Kabarminang — Pemuda Muhammadiyah Sumatera Barat (Sumbar) menggelar Rapat Pimpinan Wilayah (Rapimwil) di Palanta Kediaman Resmi Wali Kota Padang, Sabtu (19/9/2026).
Rapimwil tersebut menjadi forum konsolidasi organisasi sekaligus membahas penyusunan program kerja Pimpinan Wilayah Pemuda Muhammadiyah (PWPM) Sumbar ke depan.
Kegiatan itu dihadiri Wali Kota Padang Fadly Amran, Ketua Umum Pimpinan Pusat (PP) Pemuda Muhammadiyah Dzulfikar Ahmad Tawalla, Sekretaris Jenderal (Sekjen) PP Pemuda Muhammadiyah Najih Prastiyo, Ketua PWPM Sumbar Ade Herdiwansyah, Kepala Dinas Pemuda dan Olahraga (Dispora) Kota Padang Eka Putra Buhari, serta jajaran Pemuda Muhammadiyah se-Sumbar.
Dalam sambutannya, Fadly Amran mendorong Rapimwil menghasilkan rekomendasi yang konkret, termasuk upaya membawa kegiatan besar Pemuda Muhammadiyah tingkat nasional ke Sumatera Barat.
“Selamat atas pelaksanaan Rapimwil Pemuda Muhammadiyah Sumbar. Semoga momentum ini semakin memperkuat konsolidasi organisasi sekaligus melahirkan langkah nyata bagi kemajuan organisasi dan daerah,” kata Fadly.
Selain penguatan organisasi, Fadly juga berharap Pemuda Muhammadiyah ikut mendukung upaya Kota Padang menuju Kota Gastronomi Dunia. Salah satunya melalui promosi kuliner khas Sumbar dengan memanfaatkan jaringan organisasi di berbagai daerah.

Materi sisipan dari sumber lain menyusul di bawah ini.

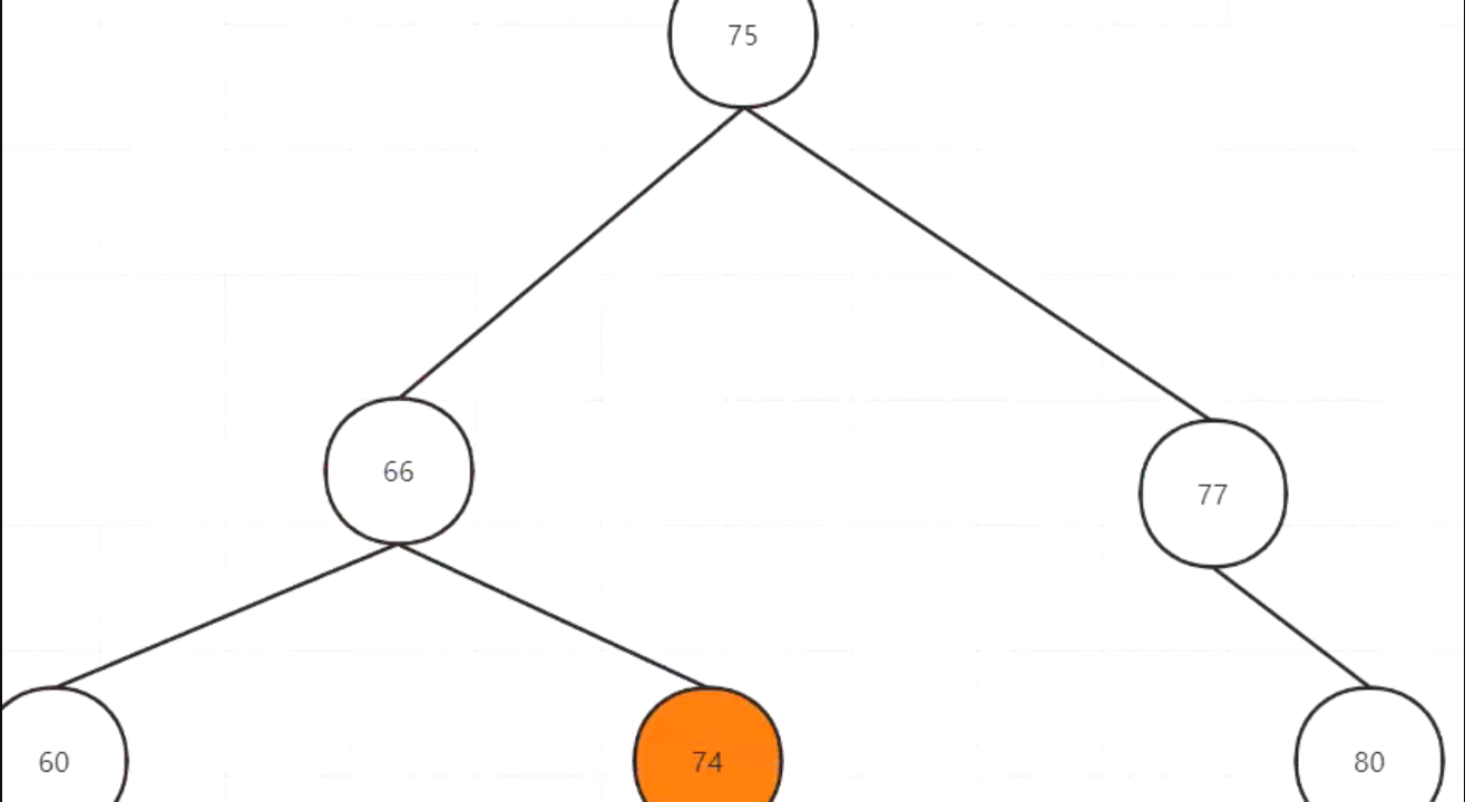 右孩子(77)的左子树(72)变成该节点(66)的右结点。

“Kami berharap Pemuda Muhammadiyah ikut mempromosikan kuliner khas Sumbar dan mengajak jaringan Pemuda Muhammadiyah se-Indonesia memperkenalkan kekayaan kuliner daerah,” ujarnya.
Sementara itu, Sekjen PP Pemuda Muhammadiyah Najih Prastiyo mengatakan Rapimwil tidak hanya menjadi forum konsolidasi organisasi. Menurutnya, kegiatan tersebut juga menjadi momentum untuk memperkuat spiritualitas, semangat, dan idealisme kader.
“Rapimwil harus kita maknai sebagai momentum untuk meningkatkan spiritualitas, mengobarkan semangat, dan menyatukan kembali serpihan-serpihan idealisme,” ujar Najih.
Ia juga menekankan pentingnya penguatan kaderisasi di lingkungan Pemuda Muhammadiyah Sumbar. Menurutnya, kader-kader terbaik dari Sumbar perlu diberi ruang untuk berkiprah di tingkat nasional, termasuk memegang amanah dan tanggung jawab organisasi.
“Saat ini, tiga kader terbaik Sumbar telah bergabung dalam PP Pemuda Muhammadiyah. Kami berharap jumlahnya terus bertambah melalui kaderisasi yang membentuk kader intelektual, mandiri secara ekonomi, dan kokoh secara spiritual, sehingga mampu mengambil peran strategis dalam kehidupan sosial, kebangsaan, dan bernegara,” katanya.
Ketua PWPM Sumbar Ade Herdiwansyah mengatakan Sumbar memiliki kontribusi penting dalam sejarah dan perkembangan Muhammadiyah serta kehidupan kebangsaan Indonesia.
Karena itu, ia berharap Rapimwil dapat menjadi ruang untuk melahirkan gagasan baru sekaligus memperkuat kontribusi Pemuda Muhammadiyah bagi organisasi, pemerintah daerah, dan masyarakat.
“Kita berharap Rapimwil ini melahirkan pemikiran baru serta kontribusi dan saran yang bermanfaat bagi organisasi, daerah, dan masyarakat,” tutur Ade.
Menurutnya, hasil pembahasan dalam Rapimwil diharapkan tidak berhenti pada konsolidasi internal, tetapi dapat diterjemahkan menjadi program dan kontribusi yang memberikan manfaat lebih luas.